One-sentence Summary

The authors from Rhymes AI propose Allegro, a high-performance video generation model that achieves commercial-level quality and temporal consistency through a comprehensive training methodology encompassing optimized data, architecture, and evaluation, outperforming most open-source models and nearing top commercial systems in user studies.

Key Contributions

• The paper addresses the gap in open-source video generation by introducing Allegro, a high-performance model that achieves commercial-level quality and temporal consistency, overcoming key challenges in data modeling, text-video alignment, and control precision that hinder prior systems.
• Allegro's methodology includes a novel data curation pipeline producing a 106M-image and 48M-video dataset with aligned captions, along with architectural improvements to the VAE and Diffusion Transformer for better video generation efficiency and fidelity.
• In user studies and benchmark evaluations across six dimensions, Allegro outperforms all existing open-source models and most commercial systems, ranking just behind Hailuo and Kling in overall quality while excelling in video-text relevance and visual coherence.

Introduction

The authors leverage diffusion-based models to address the growing demand for automated, high-quality video generation, particularly in applications like digital content creation, advertising, and entertainment.
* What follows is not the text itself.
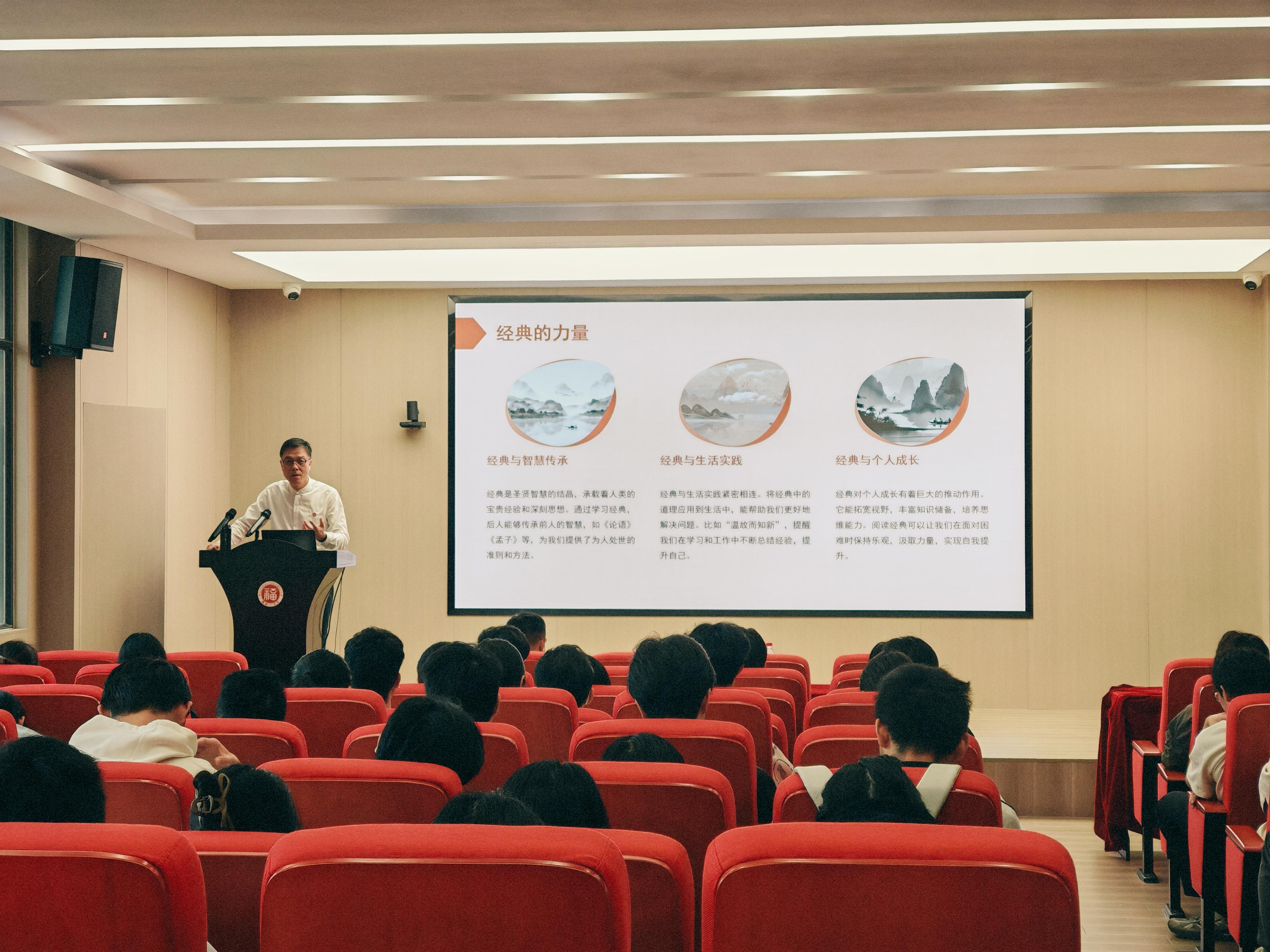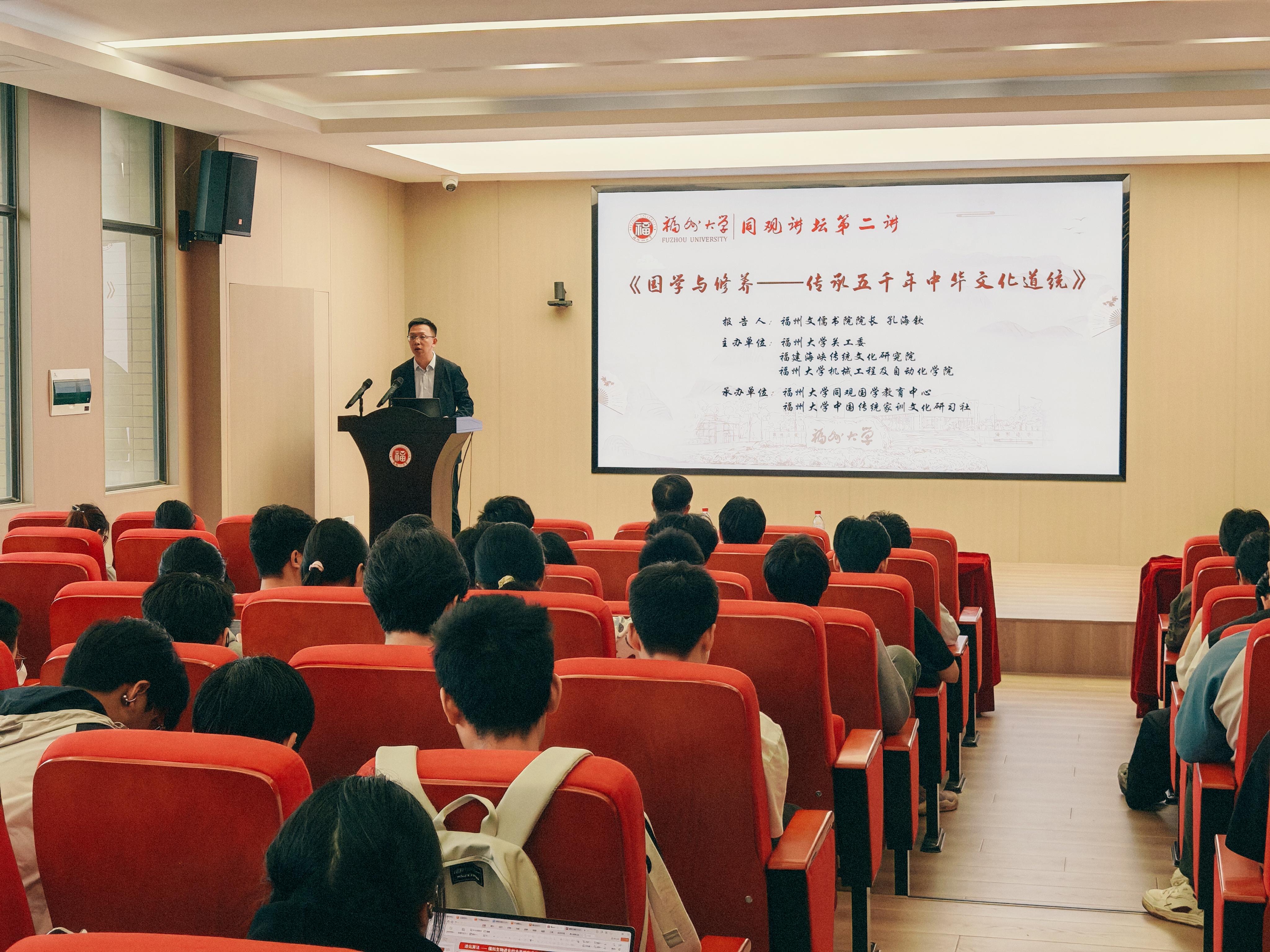 为传承中华优秀传统文化,激发机械学子国学热情,坚定文化自信,4月16日下午,福州大学机械工程及自动化学院在机械楼北415举行“同观讲坛”第二讲,福州文儒书院院长、福州大学中国文化研究所副所长孔海钦应邀作题为《国学与修养》的专题讲座。学院党委副书记谢武主持讲座,100余名学生到场聆听。

While open-source text-to-image models have reached commercial parity, text-to-video generation lags due to unresolved challenges in modeling long-range temporal dynamics, aligning video content with complex textual prompts, and scaling training data with accurate semantic annotations. Prior work often lacks transparency in data curation, model design, and evaluation, limiting reproducibility and performance. The authors introduce Allegro, a commercial-level text-to-video model that achieves state-of-the-art results through a comprehensive pipeline: a curated dataset of 106M images and 48M videos with aligned captions, a redesigned VAE and DiT architecture optimized for video, and a multi-dimensional evaluation framework including user studies. Allegro outperforms existing open-source models and rivals top commercial systems in quality and relevance, with future extensions focusing on image-to-video generation with text conditioning and fine-grained motion control.

Dataset

• The dataset is built from a large pool of raw images and videos sourced from public collections including WebVid, Panda-70M, HD-VILA, HD-VG, and OpenVid-1M, forming the foundation for diverse and extensive video data.
• A systematic data curation pipeline processes this raw data through seven sequential filtering steps: duration and resolution filtering (retaining clips ≥2 seconds, ≥360p resolution, ≥23 FPS), scene segmentation (splitting videos into single-scene clips, removing first and last 10 frames), low-level metrics filtering (evaluating brightness, clarity via DOVER, semantic consistency via LPIPS, and motion amplitude via UniMatch), aesthetics filtering (using LAION Aesthetics Predictor), content-irrelevant artifacts filtering (removing watermarks, text, black borders via detection tools), coarse-grained captioning (using Tag2Text on middle frames), and CLIP similarity filtering (retaining samples with high caption-visual alignment).
• All video clips are re-encoded to H.264 at 30 FPS, with final clips ranging from 2 to 16 seconds, single-shot, and high quality.
• After filtering, data is annotated with both coarse- and fine-grained captions using Aria, a finetuned video captioning model. Fine-grained captions include spatial details (subjects, background, style), temporal dynamics (motion, interactions), and explicit camera control cues (e.g., "Camera [MOTION_PATTERN]").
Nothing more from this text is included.